Returns a DataFrame containing feature names and their importance scores, providing a more structured output for analyzing feature importance.

get_feature_names

get_feature_names Method

std::vector<std::string> get_feature_names(
    const df::Dataframe &data,
    const std::string &target_column) const;

Returns a vector of feature names from the DataFrame, excluding the target column. This is useful for mapping feature indices to their original names in the dataset.

Model Assessment Methods

oob_error

oob_error Method

double oob_error(const df::Dataframe &data, const std::string &target_column);

Calculates the out-of-bag (OOB) error estimate for the random forest model.

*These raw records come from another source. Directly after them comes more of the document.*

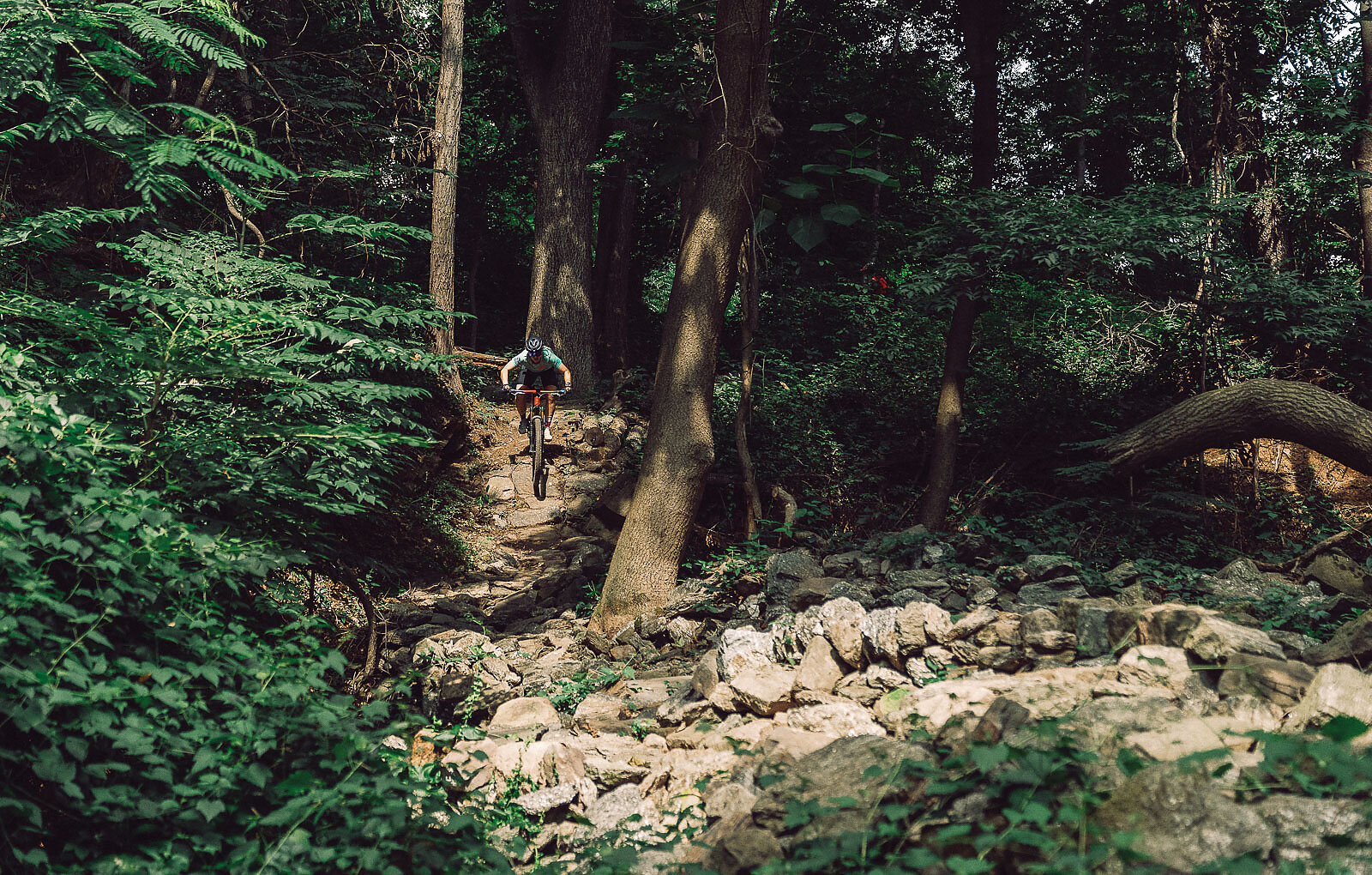 As the evening begins to fade, McGunnigle takes us up Cresheim Trail—a tight and technical climb that is part of an ongoing project to connect Wissahickon Park to smaller parks via singletrack and bike paths through the city. For now, the trail offers a challenging little loop spurring off into the neighborhood of Mount Airy. We bid farewell to McGunnigle and finish off the day on the eastern slopes following the White Trail and its off-camber rooty path. After a proper tour of the Wiss, Roberson and I make plans to meet some long-time locals at the Belmont Plateau inside of Fairmount Park the following morning.
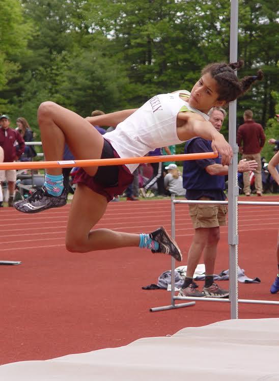 Senior Elizabeth Brown is a top jumper for Greely’s girls’ outdoor track team, the defending Class B state champion.
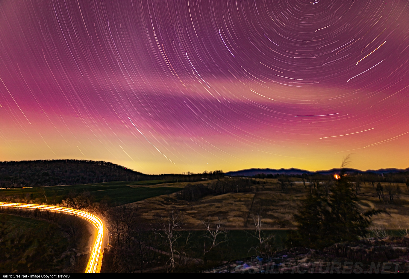An 81 minute exposure captures C208 winding through the James River basin under a sky on fire with the aurora.
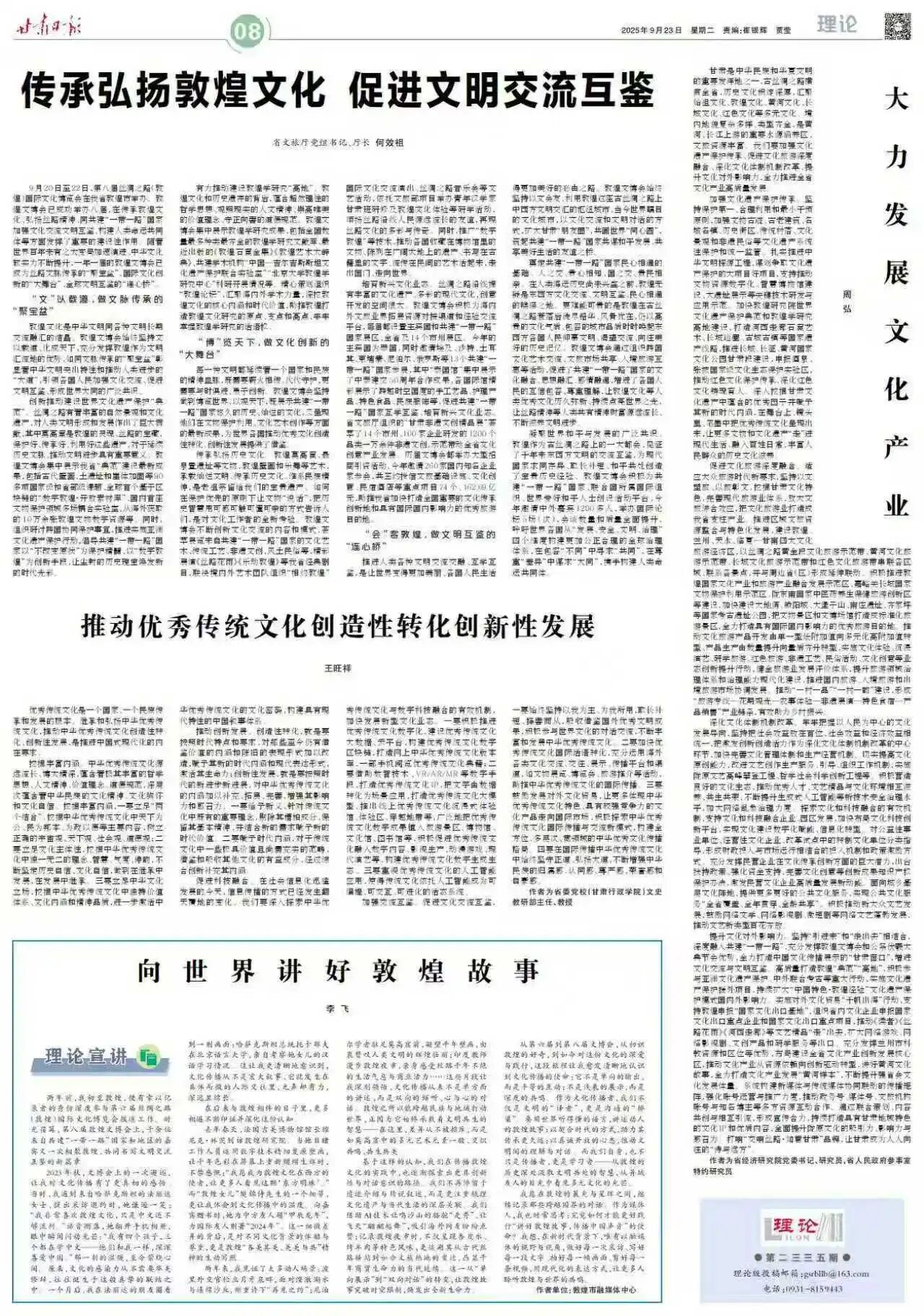 有力推动建设敦煌学研究“高地”。敦煌文化和历史遗存的背后,蕴含超然理性的哲学思想、观照现实的人文精神、崇高唯美的价值理念、守正向善的道德规范。敦煌文博会集中展示敦煌学研究成果,包括全国数量最多种类最齐全的敦煌学研究文献库、最近出版的《敦煌石窟全集》《敦煌艺术大辞典》、共建学术机构“中国—吉尔吉斯斯坦文化遗产保护联合实验室”“北京大学敦煌学研究中心”科研开展情况等。精心策划组织“敦煌论坛”,汇聚海内外学术力量,深挖敦煌文化的核心内涵和时代价值,助推敦煌打造敦煌文化研究的原点、支点和高点,牢牢掌握敦煌学研究的话语权。
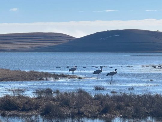 黑颈鹤是全球唯一终生在高原繁殖的鹤类,对生态环境质量极为敏感,被誉为高原生态健康的“活指标”。近年来,有关部门持续加大山包保护区湿地保护修复力度,每年安排专项资金,开展湿地保护、修复、监测、巡护、科研以及科普宣教工作。已建成智慧化监测系统,并备足救助食物,确保湿地休养生息,黑颈鹤等野生鸟类安全越冬。此外,保护区管护局已全面加强日常巡护与监测工作,致力于维护栖息地的生态完整与鸟群安全,为候鸟营造一个安宁、适宜的越冬环境。
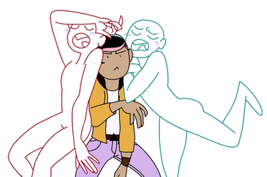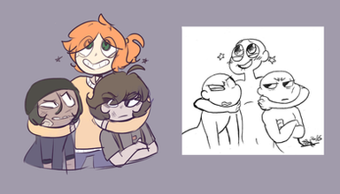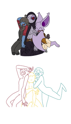 For a warm up this morning I decided to do one of these OC pose memes (Original poses by snuffysbox, find more here! snuffysbox.tumblr.com/tagged/d⦠)This is VERY in character doodle of my OC Apollo (angry man) and his girlfriend (Belongs to Zyngruff ) holding him back from his rude sister (My OC Andromeda)
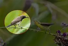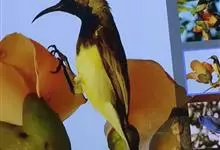 黑胸太阳鸟:小型鸟类,体长9-15厘米。嘴细长而向下曲。雄鸟中央尾羽特长,尾呈楔形,头顶至后颈紫蓝色具金属光泽;背褐红色,腰有一黄色横带,尾上覆羽和尾紫蓝色;颏、喉和上胸乌黑色,有的下胸为硫黄色,…全部>>
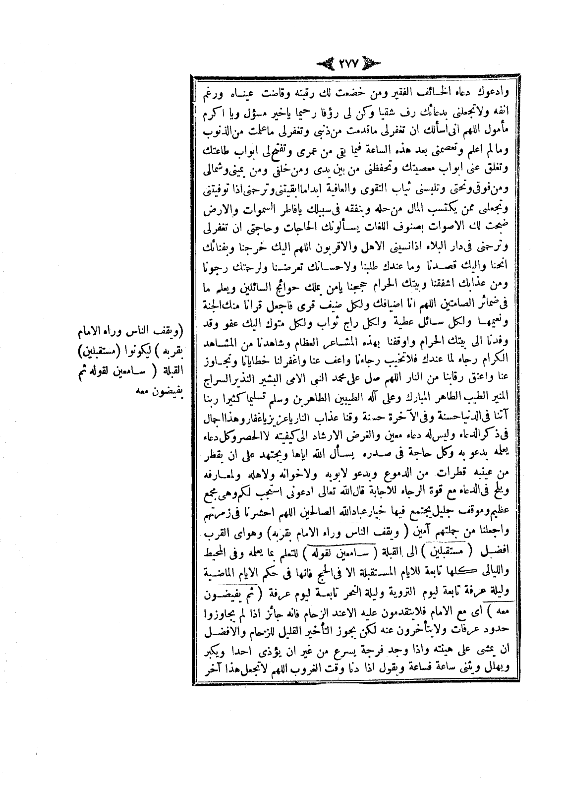 وَأَدْعُوَك دُعَاءَ الْخَائِفِ الْفَقِيرِ وَمَنْ خَضَعَتْ لَكَ رَقَبَتُهُ وَفَاضَتْ عَيْنَاهُ وَرَغِمَ أَنْفُهُ وَلَا تَجْعَلنِي بِدُعَائِك رَبِّي شَقِيًّا وَكُنْ لِي رَءُوفًا رَحِيمًا يَا خَيْرَ مَسْئُولٍ وَيَا أَكْرَمَ مَأْمُولٍ اللَّهُمَّ إنِّي أَسْأَلُكَ أَنْ تَغْفِرَ لِي مَا قَدَّمْتُ مِنْ ذَنْبِي وَتَغْفِرَ لِي مَا عَلِمْتُ مِنْ الذُّنُوبِ وَمَا لَمْ أَعْلَمْ وَتَعْصِمَنِي بَعْدَ هَذِهِ السَّاعَةِ فِيمَا بَقِيَ مِنْ عُمُرِي وَتَفْتَحَ لِي أَبْوَابَ طَاعَتِك وَتُغْلِقَ عَنِّي أَبْوَابَ مَعْصِيَتِك وَتَحْفَظَنِي مِنْ بَيْنَ يَدَيَّ وَمِنْ خَلْفِي وَمِنْ يَمِينِي وَشِمَالِي وَمِنْ فَوْقِي وَتَحْتِي وَتُلْبِسَنِي ثِيَابَ التَّقْوَى وَالْعَافِيَةِ أَبَدًا مَا أَبْقَيْتنِي وَتَرْحَمَنِي إذَا تَوَفَّيْتنِي وَتَجْعَلَنِي مِمَّنْ يَكْتَسِبُ الْمَالَ مِنْ حِلِّهِ وَيُنْفِقُهُ فِي سَبِيلِك يَا فَاطِرَ السَّمَوَاتِ وَالْأَرْضِ ضَجَّتْ لَك الْأَصْوَاتُ بِصُنُوفِ اللُّغَاتِ يَسْأَلُونَك الْحَاجَاتِ وَحَاجَتِي أَنْ تَغْفِرَ لِي وَتَرْحَمَنِي فِي دَارِ الْبَلَاءِ إذَا نَسِيَنِي الْأَهْلُ وَالْأَقْرَبُونَ اللَّهُمَّ إلَيْك خَرَجْنَا وَبِفِنَائِك أَنَخْنَا وَإِلَيْك قَصَدْنَا وَمَا عِنْدَك طَلَبْنَا وَلِإِحْسَانِك تَعَرَّضْنَا وَلِرَحْمَتِك رَجَوْنَا وَمِنْ عَذَابِك أَشْفَقْنَا وَبَيْتَك الْحَرَامَ حَجَجْنَا يَا مِنْ يَمْلِكُ حَوَائِجَ السَّائِلِينَ وَيَعْلَمُ مَا فِي ضَمَائِرِ الصَّامِتِينَ اللَّهُمَّ إنَّا أَضْيَافُك وَلِكُلِّ ضَيْفٍ قِرًى فَاجْعَلْ قِرَانَا مِنْكَ الْجَنَّةَ وَنَعِيمَهَا وَلِكُلِّ سَائِلٍ عَطِيَّةٌ وَلِكُلِّ رَاجٍ ثَوَابٌ وَلِكُلِّ مُتَوَكٍّ إلَيْك عَفْوٌ وَقَدْ وَفَدْنَا إلَى بَيْتِك الْحَرَامِ وَأَوْقَفْنَا بِهَذِهِ الْمَشَاعِرِ الْعِظَامِ وَشَاهَدْنَا مِنْ الْمَشَاهِدِ الْكِرَامِ رَجَاءً لِمَا عِنْدَك فَلَا تُخَيِّبْ رَجَاءَنَا وَاعْفُ عَنَّا وَاغْفِرْ لَنَا خَطَايَانَا وَتَجَاوَزْ عَنَّا وَاعْتِقْ رِقَابَنَا مِنْ النَّارِ اللَّهُمَّ صَلِّ عَلَى مُحَمَّدٍ النَّبِيِّ الْأُمِّيِّ الْبَشِيرِ النَّذِيرِ السِّرَاجِ الْمُنِيرِ الطَّيِّبِ الطَّاهِرِ الْمُبَارَكِ وَعَلَى آلِهِ الطَّيِّبِينَ الطَّاهِرِينَ وَسَلِّمْ تَسْلِيمًا كَثِيرًا رَبَّنَا آتِنَا فِي الدُّنْيَا حَسَنَةً وَفِي الْآخِرَةِ حَسَنَةً وَقِنَا عَذَابَ النَّارِ يَا عَزِيزُ يَا غَفَّارُ وَهَذَا إجْمَالٌ فِي ذِكْرِ الدُّعَاءِ وَلَيْسَ لَهُ دُعَاءٌ مُعَيَّنٌ وَالْغَرَضُ الْإِرْشَادُ إلَى كَيْفِيَّتِهِ لَا الْحَصْرُ وَكُلُّ دُعَاءٍ يَعْلَمُهُ يَدْعُو بِهِ وَكُلُّ حَاجَةٍ فِي صَدْرِهِ يَسْأَلُ اللَّهَ إيَّاهَا وَيَجْتَهِدُ عَلَى أَنْ يَقْطُرَ مِنْ عَيْنَيْهِ قَطَرَاتٍ مِنْ الدُّمُوعِ وَيَدْعُوَ لِأَبَوَيْهِ وَلِإِخْوَانِهِ وَلِأَهْلِهِ وَلِمَعَارِفِهِ وَيُلِحَّ فِي الدُّعَاءِ مَعَ قُوَّةِ الرَّجَاءِ لِلْإِجَابَةِ قَالَ اللَّهُ تَعَالَى: {ادْعُونِي أَسْتَجِبْ لَكُمْ} [غافر: 60] وَهِيَ مَجْمَعٌ عَظِيمٌ وَمَوْقِفٌ جَلِيلٌ يَجْتَمِعُ فِيهَا خِيَارُ عِبَادِ اللَّهِ الصَّالِحِينَ اللَّهُمَّ اُحْشُرْنَا فِي زُمْرَتِهِمْ وَاجْعَلْنَا مِنْ جُمْلَتِهِمْ آمِينَ (وَيَقِفَ النَّاسُ وَرَاءَ الْإِمَامِ بِقُرْبِهِ) وَهُوَ أَيْ الْقُرْبُ أَفْضَلُ (مُسْتَقْبِلِينَ) إلَى الْقِبْلَةِ (سَامِعِينَ لِقَوْلِهِ) لِلتَّعَلُّمِ بِمَا يُعَلِّمُهُ.

This provides an unbiased estimate of the generalization error without requiring a separate validation set.

get_num_trees

get_num_trees Method

size_t get_num_trees() const;

Returns the number of trees in the random forest.

get_task_type

get_task_type Method

TaskType get_task_type() const;

Returns the task type (REGRESSION or CLASSIFICATION) that the random forest is configured for.

Usage Example

Complete Usage Example


#include <dataframe/Serie.h>
#include <dataframe/Dataframe.h>
#include <dataframe/io/csv.h>
#include <dataframe/core/split.h>
#include <dataframe/ml/random_forest.h>
#include <iostream>

int main() {
    // Load data from CSV
    df::Dataframe data = df::io::read_csv("iris.csv");
    
    // Print dataset info
    std::cout << "Dataset columns: ";
    for (const auto& name : data.names()) {
        std::cout << name << " ";
    }
    std::cout << "\nTotal samples: " << data.get<double>("sepal_length").size() << std::endl;
    
    // Split data into training and testing sets (80/20)
    auto splits = df::split(5, data);
    
    // Combine first 4 parts for training (80%)
    df::Dataframe train_data;
    for (size_t i = 0; i < 4; ++i) {
        // Merge split data into train_data
        // Implementation depends on specific merge function
    }
    
    // Use the 5th part for testing (20%)
    df::Dataframe test_data = splits[4];
    
    // Create and train a random forest classifier
    ml::RandomForest rf = ml::create_random_forest_classifier(
        100,    // num_trees
        3,      // n_classes
        0,      // max_features (auto)
        10,     // max_depth
        2       // min_samples_split
    );
    
    // Train the model
    rf.fit(train_data, "species");
    std::cout << "Model trained successfully with " << rf.get_num_trees() << " trees." << std::endl;
    
    // Make predictions
    df::Serie<double> predictions = rf.predict(test_data);
    
    // Calculate feature importance
    df::Dataframe importance = rf.feature_importance_df(train_data, "species");
    
    // Print feature importance
    std::cout << "\nFeature Importance:" << std::endl;
    for (const auto& name : importance.names()) {
        std::cout << name << ": " << importance.get<double>(name)[0] << std::endl;
    }
    
    // Evaluate the model
    auto metrics = rf.evaluate(test_data, "species");
    std::cout << "\nModel Evaluation:" << std::endl;
    for (const auto& [metric, value] : metrics) {
        std::cout << metric << ": " << value << std::endl;
    }
    
    // Calculate OOB error
    double oob = rf.oob_error(train_data, "species");
    std::cout << "Out-of-bag error: " << oob << std::endl;
    
    return 0;
}

Implementation Notes

The implementation uses bootstrap sampling to create diverse training sets for each decision tree in the forest.
Out-of-bag (OOB) samples are used to provide an unbiased estimate of the generalization error.
For classification tasks, the model outputs class labels based on majority voting among the trees.
For regression tasks, the model outputs the average prediction of all trees.
The implementation supports feature importance calculation, which helps identify the most influential features in the model.
Permutation importance provides an alternative method to assess feature importance by measuring the impact of shuffling each feature's values.
When max_features is set to 0, all features are considered for each split, which can be computationally intensive for datasets with many features.